Sejak kecil aku yakin, bahwa jika aku
bisa memperbudak uang, aku bisa memperbudak manusia. Tujuan hidupku sejak dulu
adalah itu, memperbudak manusia. Pasti menyenangkan rasanya jadi tuan, jadi
uang. Memerintah sesuka hati, tanpa menggunakan hati, tanpa hati-hati. Tapi
masalah utamanya adalah, aku butuh uang untuk memperbudak uang.
Jadi aku menyerahkan diriku pada
rutinitas pagi ini. Berulang tanpa beda sedikitpun, setiap pagi, setiap awal.

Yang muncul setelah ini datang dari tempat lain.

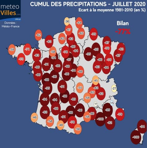 Rapport à la normale du cumul de pluie en juillet 2020 en France - Météo Villes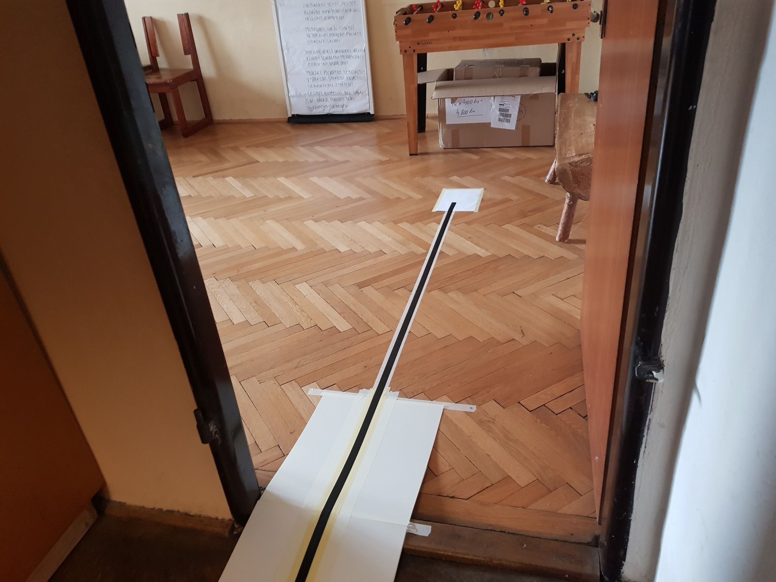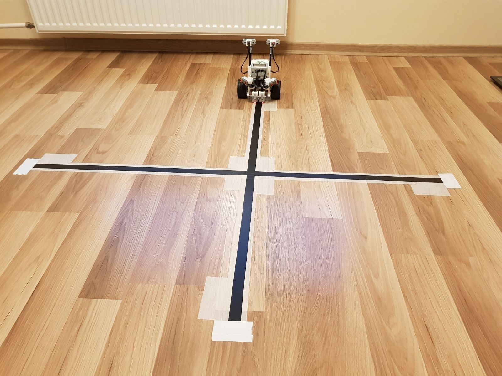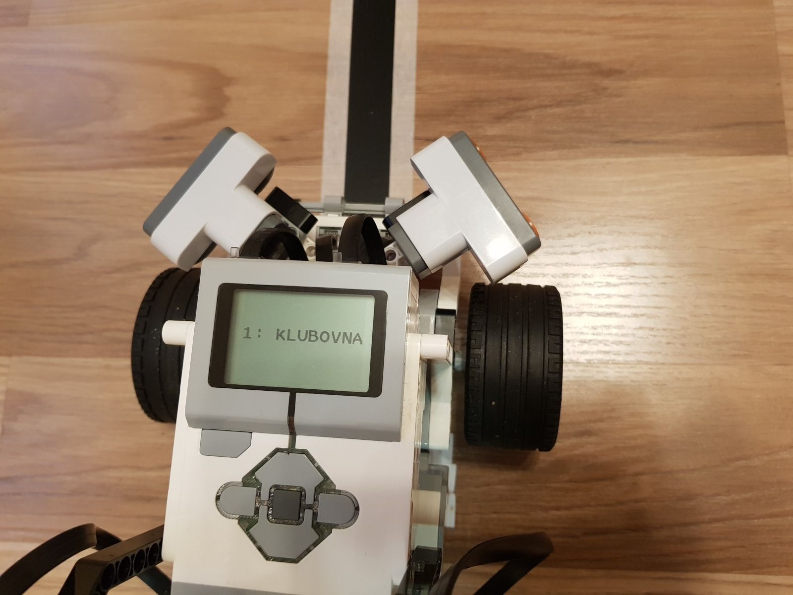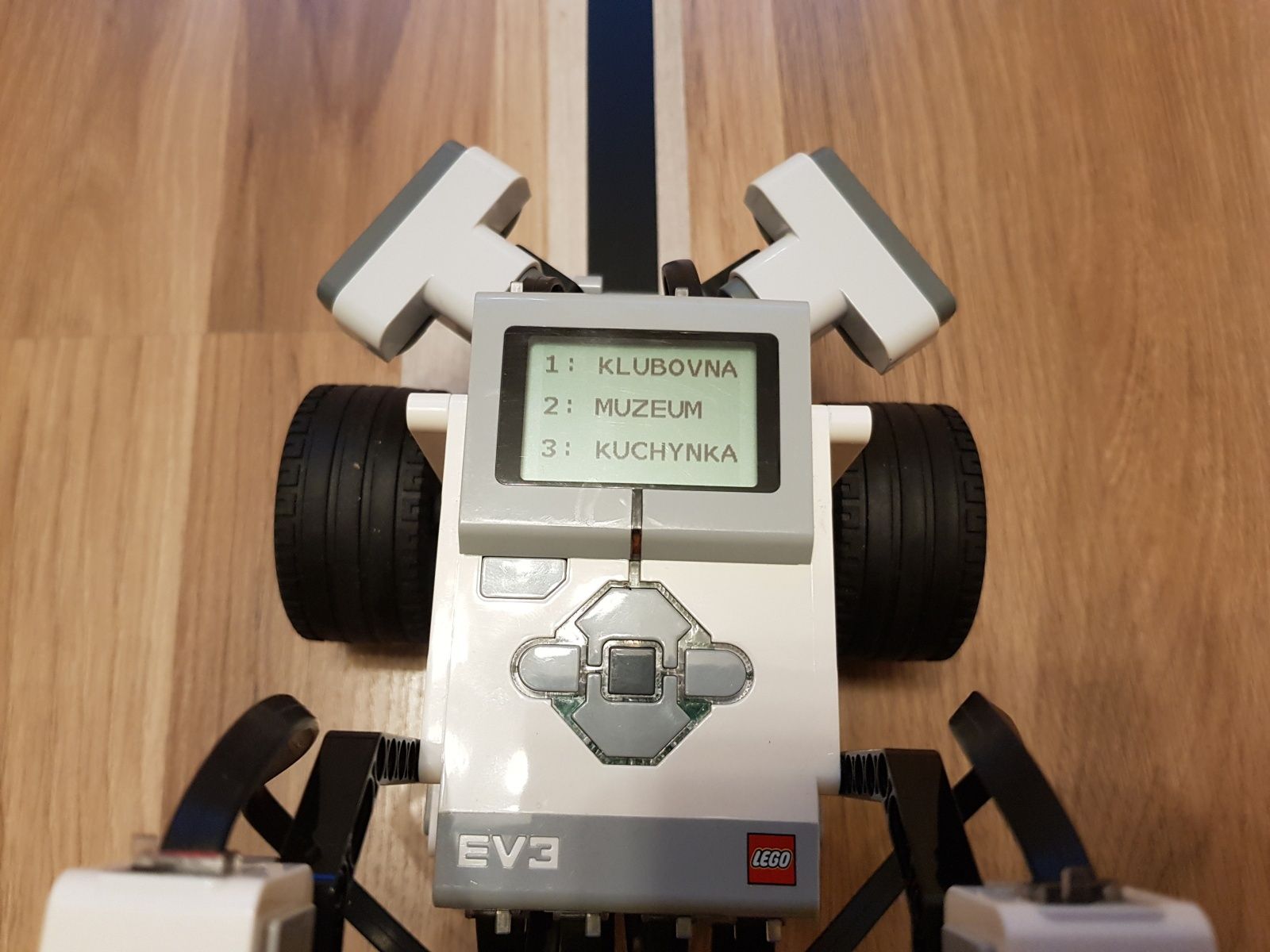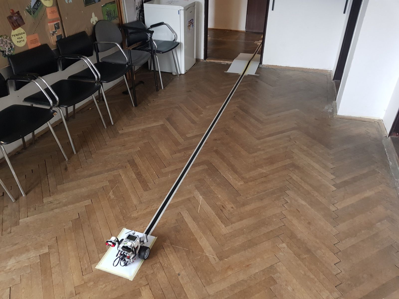 Pôvodne sme chceli použiť pre navádzanie v priestore dva ultrazvukové NXT snímače, ale nepodarilo sa nám vytvoriť funkčné riešenie, preto sme zvolili navádzanie pomocou dvoch optických snímačov a čiary vyznačenej na podlahe, tak ako v prípade úlohy dva v tomto zadaní. Pri skúškach doma toto riešenie išlo dobre, ale v klubovni zlyhalo kvôli prahom, s ktorými sme pri návrhu neuvažovali. Pri prechode cez prah dverí sa menila vzdialenosť snímača od podkladu, čo viedlo k zmene množstva odrazeného svetla a chybnému vyhodnocovaniu. Počas skúšky v klubovni sme už nedokázali nájsť také nastavenia, ktoré by vyhovovali všetkým okolnostiam a spoľahlivo navádzali robota od začiatku až po vybraté miesto.

Setelah bangun aku mandi, lalu sarapan, lalu mencekoki tas ransel-miniku dengan
seragam satpam, lalu berangkat. Menggunakan motor yang sama dengan yang kugunakan
pagi-pagi sebelumnya.
***
Jalanannya sama, kendaraan yang berputar
diatasnya juga sama. Apalagi angkot-angkotnya, warnanya tidak pernah berubah
sedikitpun. Paling-paling ada hiasan baret di beberapa darinya. Tidak ada yang
menarik perhatianku juga sih sebenarnya, setiap baret itu pasti bersumber satu,
uang. Pengemudi yang ngebut mengejar setoran. Mengejar uang.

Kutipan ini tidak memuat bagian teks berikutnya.